Harley owner finds lasting way to honor fallen military
05/25/2014 1:13 PM
08/06/2014 11:35 AM
Dave Schoonover’s 2012 Harley-Davidson Ultra Classic is a rolling tribute to Kansas military killed since Operation Desert Storm.
His silver, gold and navy bike features the names of all 94 military members also honored at the newly dedicated Operation Freedom Memorial at Wichita’s Veterans Memorial Park.
Schoonover, a Hutchinson resident, has been part of the American Legion Riders and the Patriot Guard since 2005. He said he served in the Army in Germany from 1979 to 1984.
“When I bought this bike here, I thought it was such a beautiful bike it would be a great way to pay tribute to all the young men and women who paid the ultimate sacrifice,” Schoonover said.
Innovative Tint & Graphics in Hutchinson lettered the names for free, Schoonover said.

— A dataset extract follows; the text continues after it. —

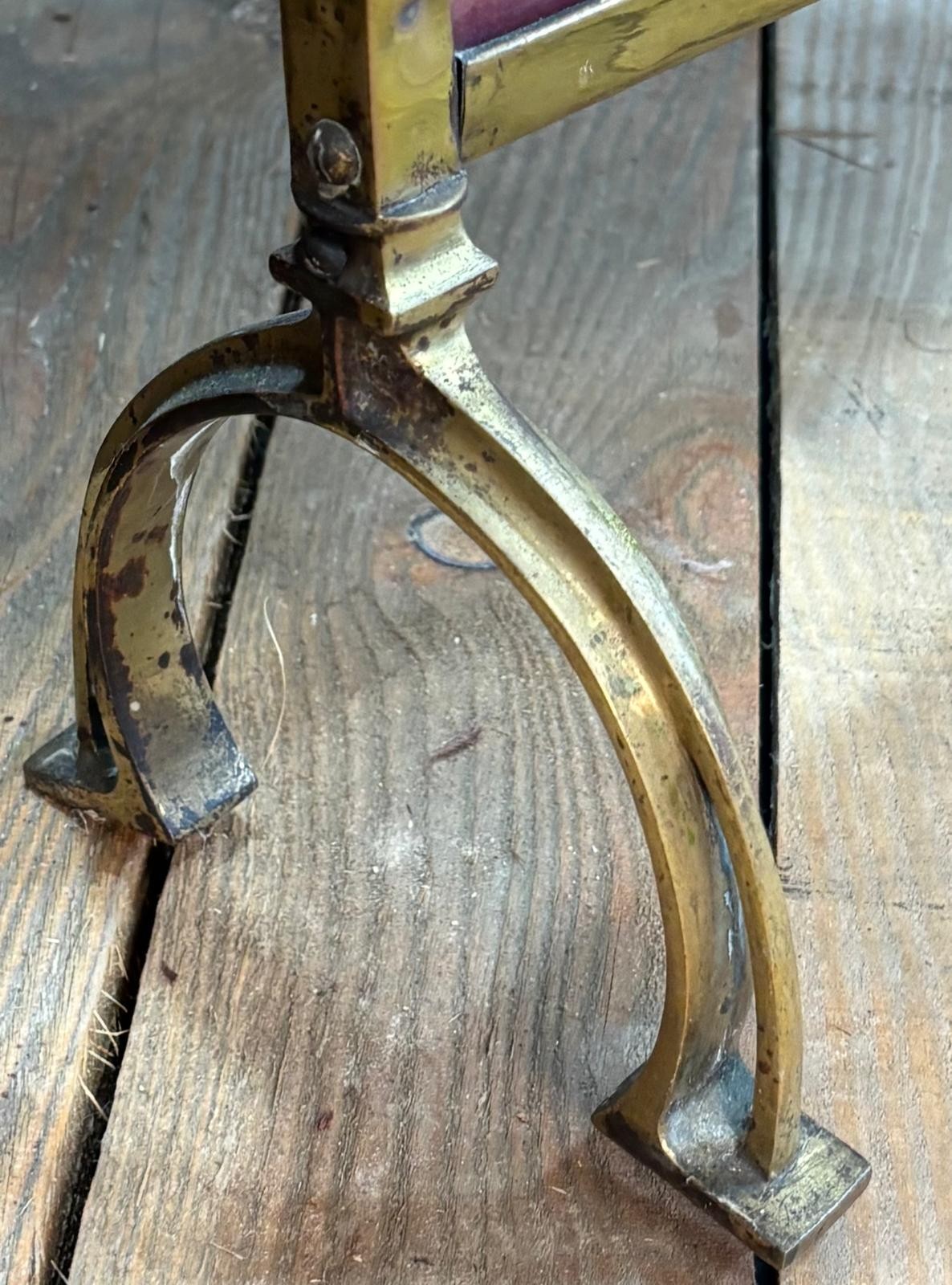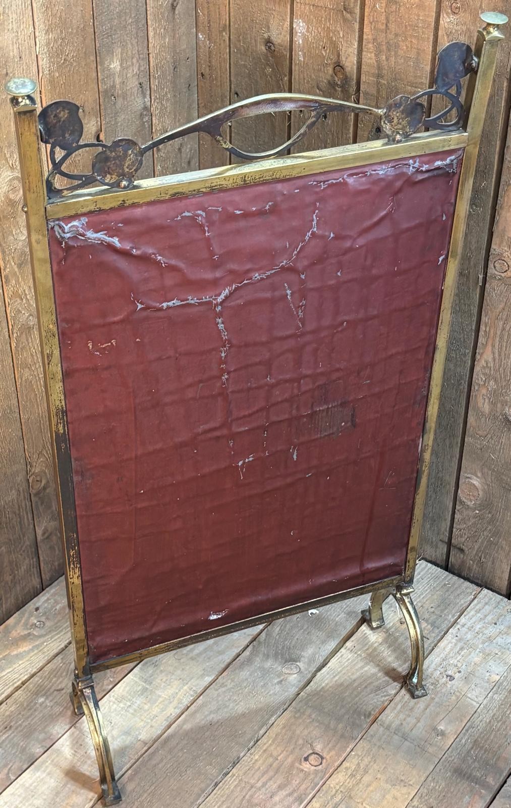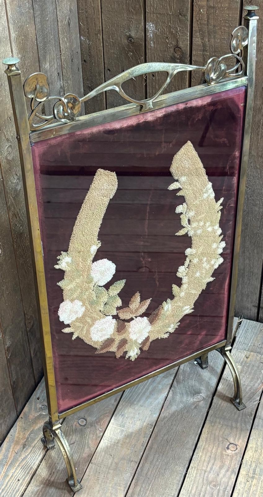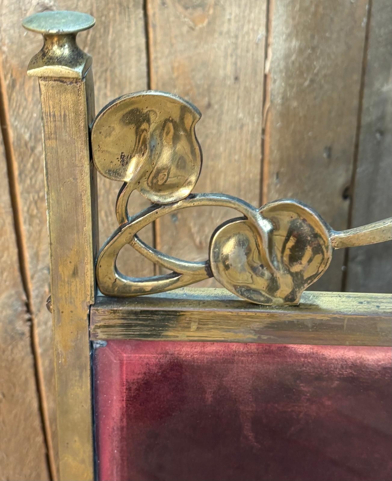Art Nouveau brass, glass and tapestry fire screen.

The last name added was that of Sgt. 1st Class Forrest W. Robertson, who died in November in Afghanistan. Schoonover said it’s always emotional to add a name. He said he hoped he didn’t have to add any more but knows he probably will. The names are on vinyl lettering. When the current wars America is fighting are over, he hopes to have the names hand-painted on the bike.
A truck driver, Schoonover keeps two laminated pages that contain the photo and information about each military member with him on the bike. Their pictures also have been programmed into his bike’s GPS device.

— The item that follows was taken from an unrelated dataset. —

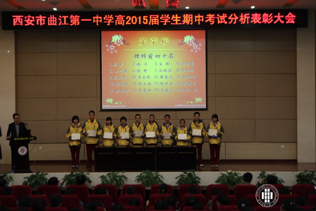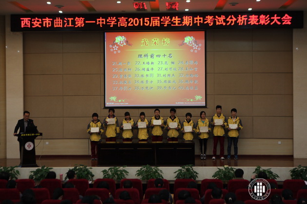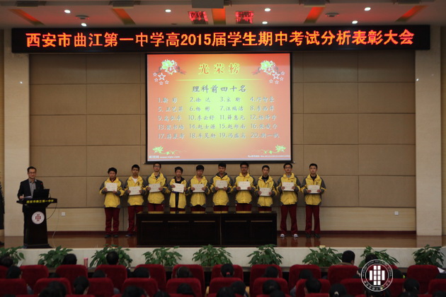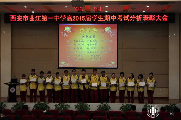 阳光明媚,银杏飞黄。11月15日,曲江一中高2015届学生召开期中考试分析表彰大会在校报告厅隆重举行。会议由年级组长董锋主持,高2015届全体师生参加。

“I’ve looked at them so many times I feel like I know them,” he said.
The bike is not just a show bike, he said.
“It’s a rider. It goes everywhere,” he said. “I always get people commenting on it.”
Schoonover brought the bike to the Operation Freedom Memorial recently. Family members of fallen soldiers surrounded him, taking pictures of the bike.
“It’s always very moving to hear the stories and very humbling,” Schoonover said. “The bike is my way of making sure their memories stay alive.”
Anita Dixon, president and founder of Operation Freedom Memorial Foundation Inc., lost her son, U.S. Army Sgt. Evan Parker, in 2005. He died from wounds he suffered while he was deployed in Iraq.
She’s been on the bike with Schoonover.
“When I first saw the bike, I was just blown away,” she said. “I’m very honored. I know a lot of hard work and tears and pride has gone into him creating that bike. It just means a lot to so many of us.”